# [Task prompt]
Your output should be the lines below from the one holding "схоже по значению" through the one holding "Delivering tight/low bass", transcribed exactly, with no pictures.

# [Supplied material]
----------

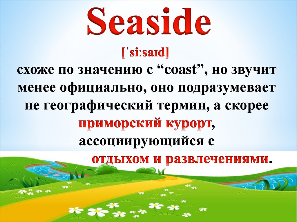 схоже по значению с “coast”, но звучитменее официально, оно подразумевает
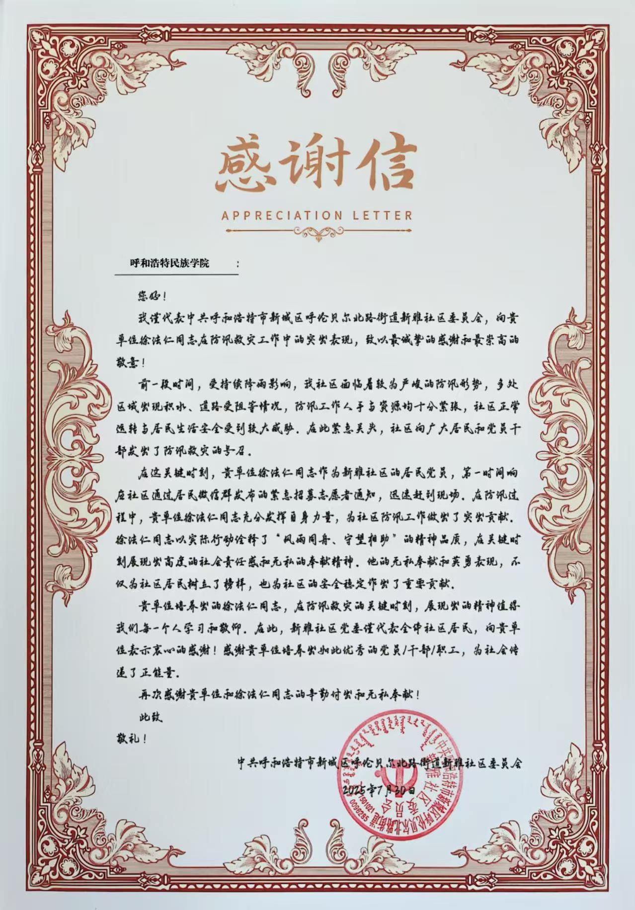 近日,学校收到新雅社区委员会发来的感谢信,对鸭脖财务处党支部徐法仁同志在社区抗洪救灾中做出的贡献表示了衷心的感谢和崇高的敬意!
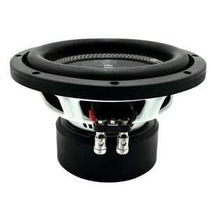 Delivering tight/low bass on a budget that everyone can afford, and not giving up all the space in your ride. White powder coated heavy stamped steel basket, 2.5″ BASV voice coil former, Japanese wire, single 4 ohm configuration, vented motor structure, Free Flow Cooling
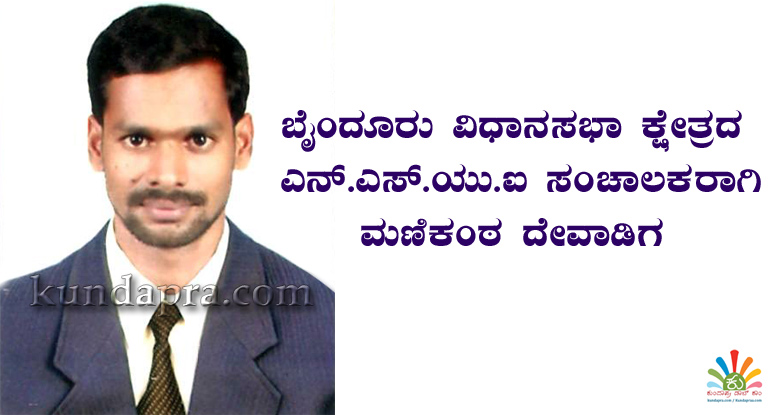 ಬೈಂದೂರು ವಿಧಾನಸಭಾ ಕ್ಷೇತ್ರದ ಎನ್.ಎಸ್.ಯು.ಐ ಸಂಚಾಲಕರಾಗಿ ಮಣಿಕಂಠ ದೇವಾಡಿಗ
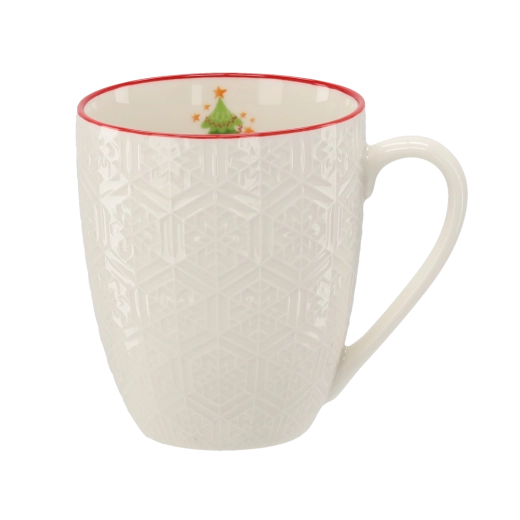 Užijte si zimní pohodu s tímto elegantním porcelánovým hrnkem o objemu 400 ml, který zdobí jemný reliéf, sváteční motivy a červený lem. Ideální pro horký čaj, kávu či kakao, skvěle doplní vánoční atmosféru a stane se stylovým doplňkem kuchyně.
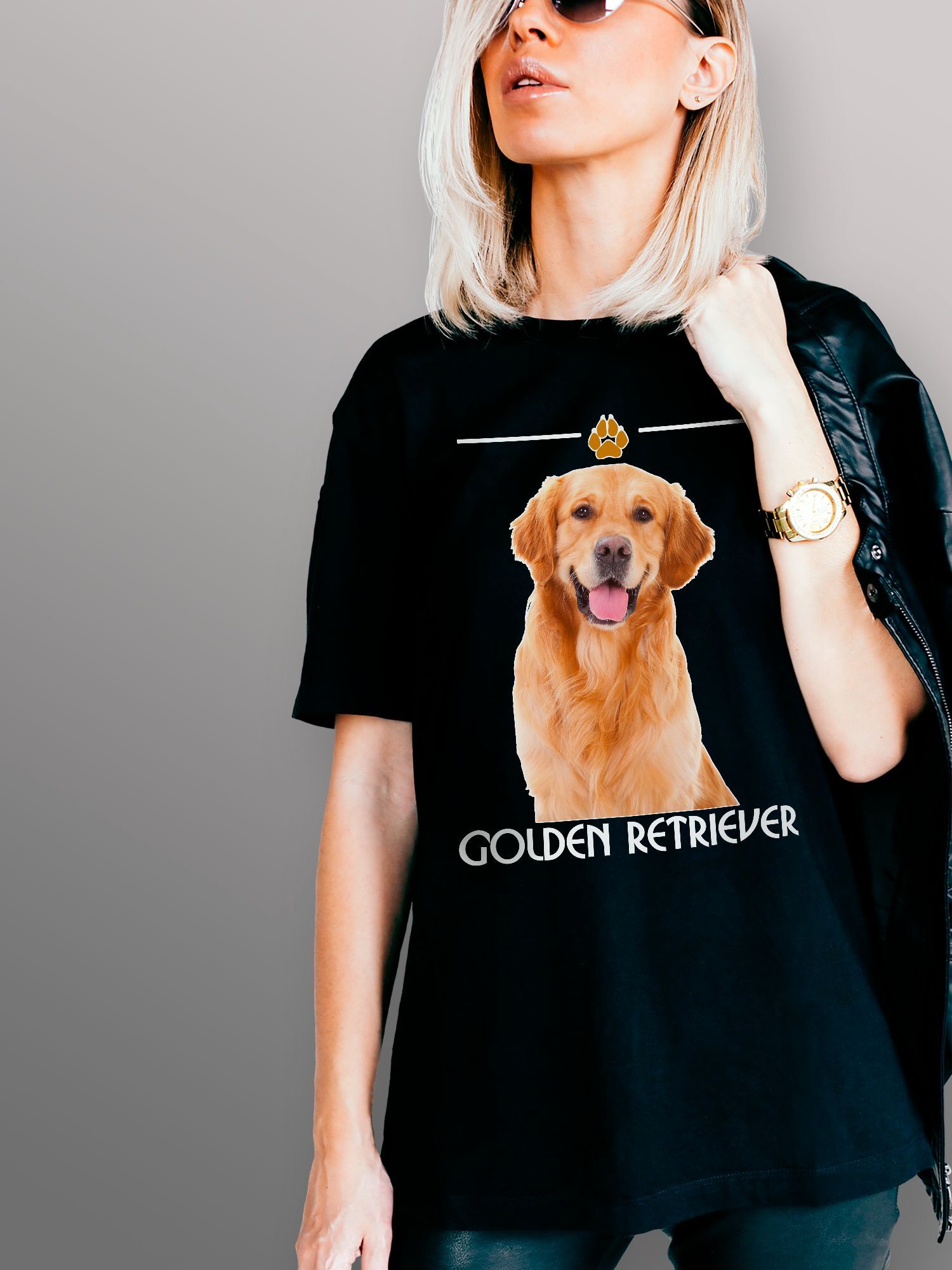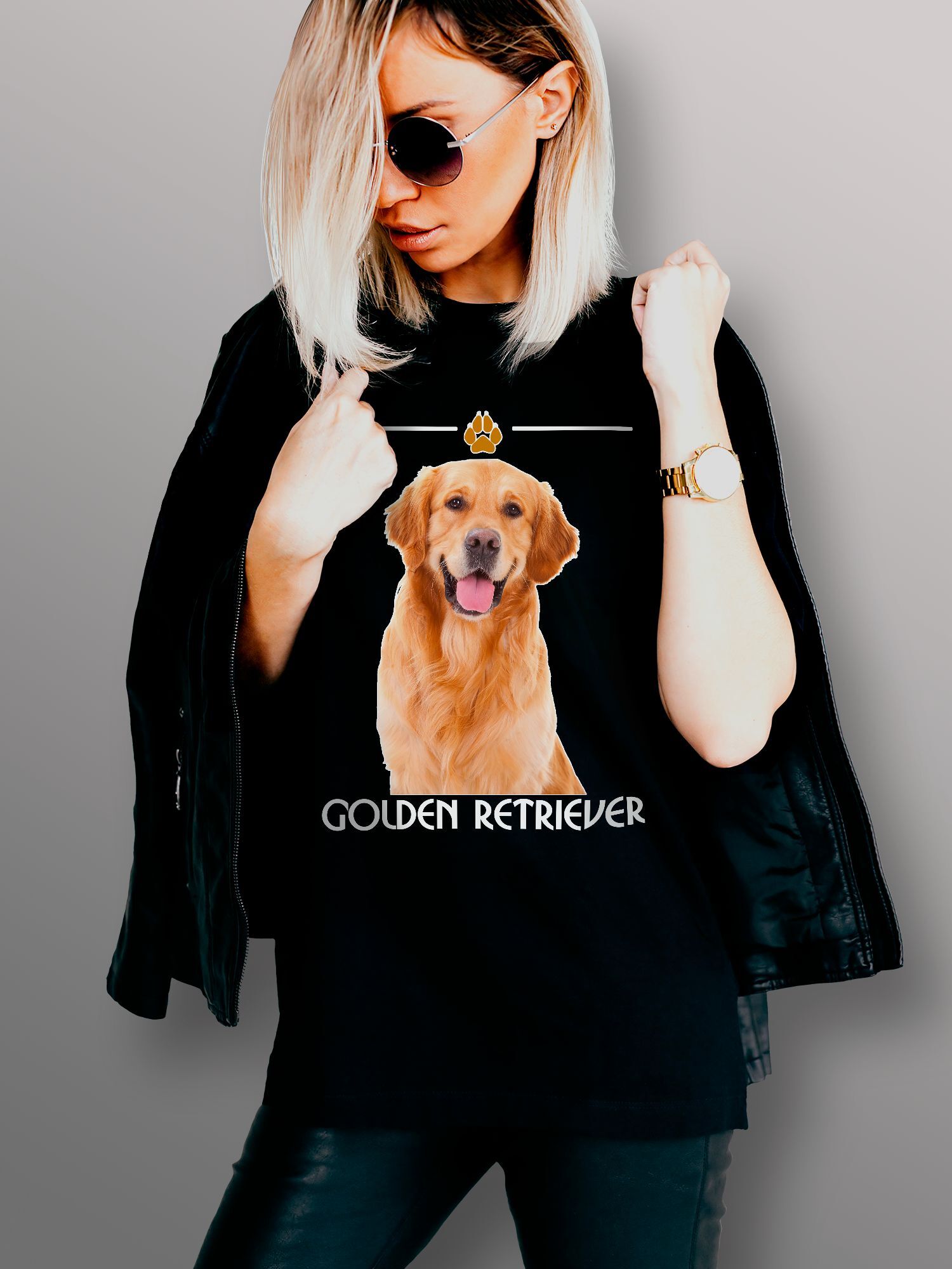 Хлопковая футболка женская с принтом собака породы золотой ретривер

----------

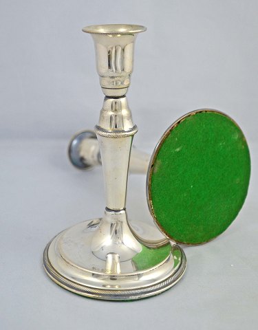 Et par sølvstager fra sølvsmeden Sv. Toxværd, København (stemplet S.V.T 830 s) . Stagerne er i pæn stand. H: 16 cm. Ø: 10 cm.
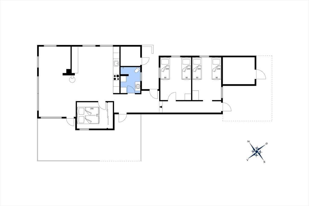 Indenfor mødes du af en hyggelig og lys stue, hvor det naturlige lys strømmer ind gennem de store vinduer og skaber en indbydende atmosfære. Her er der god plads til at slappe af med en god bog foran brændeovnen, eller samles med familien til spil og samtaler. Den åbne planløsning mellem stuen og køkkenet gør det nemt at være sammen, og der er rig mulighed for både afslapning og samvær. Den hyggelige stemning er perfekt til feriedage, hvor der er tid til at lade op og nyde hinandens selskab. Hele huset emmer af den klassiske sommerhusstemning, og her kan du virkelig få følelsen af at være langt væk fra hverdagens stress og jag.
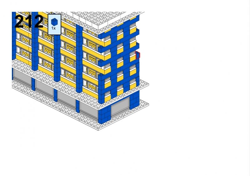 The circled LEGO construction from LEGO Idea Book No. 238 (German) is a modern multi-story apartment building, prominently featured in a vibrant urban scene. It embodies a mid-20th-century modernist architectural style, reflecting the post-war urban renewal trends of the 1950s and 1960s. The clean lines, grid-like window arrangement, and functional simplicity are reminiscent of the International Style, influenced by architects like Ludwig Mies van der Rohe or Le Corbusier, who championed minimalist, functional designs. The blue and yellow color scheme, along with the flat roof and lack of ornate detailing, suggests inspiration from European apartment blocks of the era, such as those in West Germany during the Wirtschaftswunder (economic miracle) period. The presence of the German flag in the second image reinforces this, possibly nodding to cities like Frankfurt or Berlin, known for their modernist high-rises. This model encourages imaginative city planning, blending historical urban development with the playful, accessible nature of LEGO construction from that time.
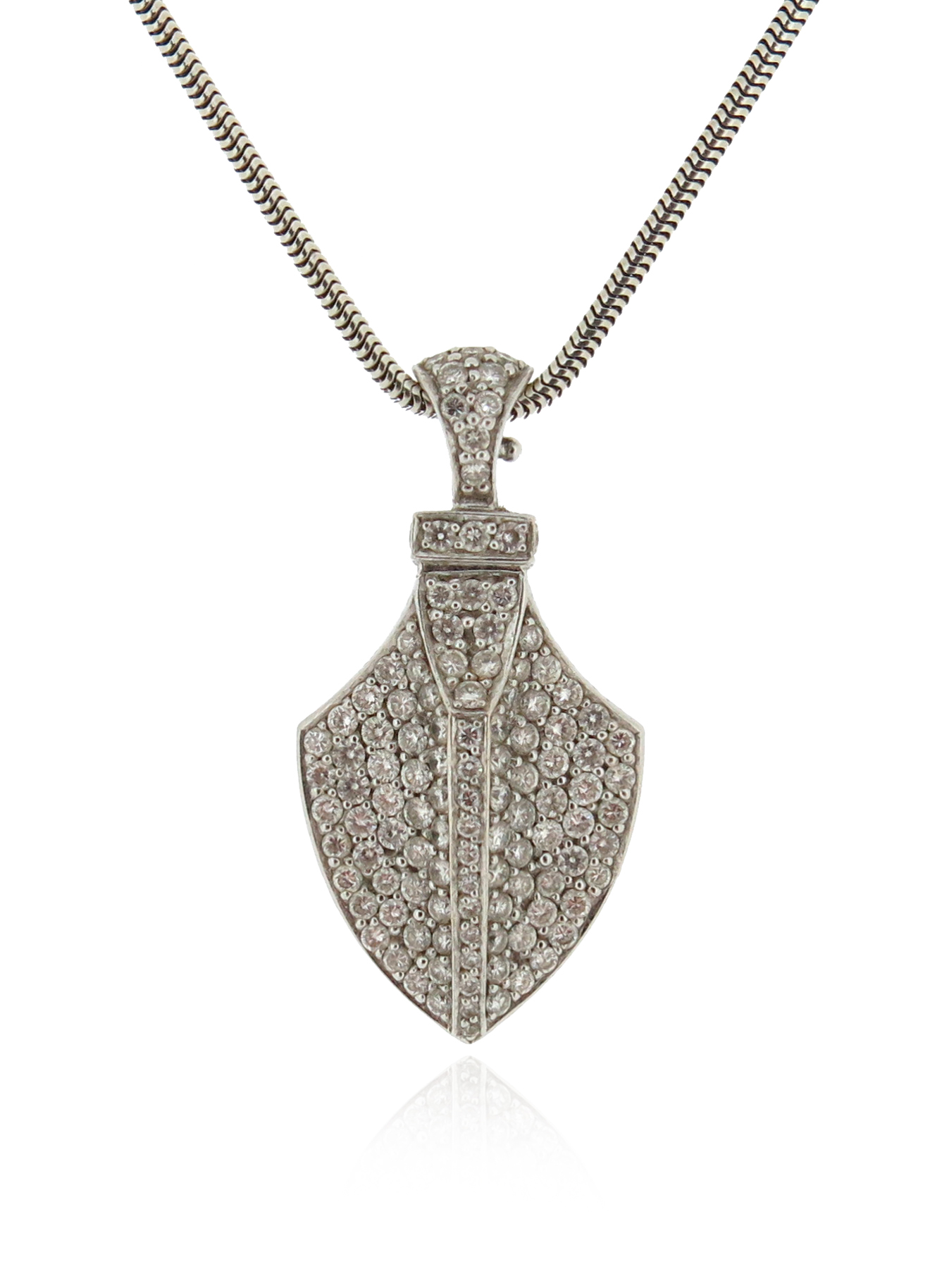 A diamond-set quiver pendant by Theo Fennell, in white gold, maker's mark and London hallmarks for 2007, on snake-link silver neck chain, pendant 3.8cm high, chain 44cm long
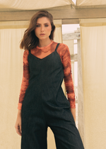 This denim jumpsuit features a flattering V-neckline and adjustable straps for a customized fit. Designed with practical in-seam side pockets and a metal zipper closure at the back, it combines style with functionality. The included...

----------

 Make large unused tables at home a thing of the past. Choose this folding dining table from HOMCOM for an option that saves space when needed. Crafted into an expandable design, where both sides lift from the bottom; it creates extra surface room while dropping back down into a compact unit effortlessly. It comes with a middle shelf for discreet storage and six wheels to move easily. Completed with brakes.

----------

# [Written solution]
 схоже по значению с “coast”, но звучитменее официально, оно подразумевает
 近日,学校收到新雅社区委员会发来的感谢信,对鸭脖财务处党支部徐法仁同志在社区抗洪救灾中做出的贡献表示了衷心的感谢和崇高的敬意!
 Delivering tight/low bass on a budget that everyone can afford, and not giving up all the space in your ride. White powder coated heavy stamped steel basket, 2.5″ BASV voice coil former, Japanese wire, single 4 ohm configuration, vented motor structure, Free Flow Cooling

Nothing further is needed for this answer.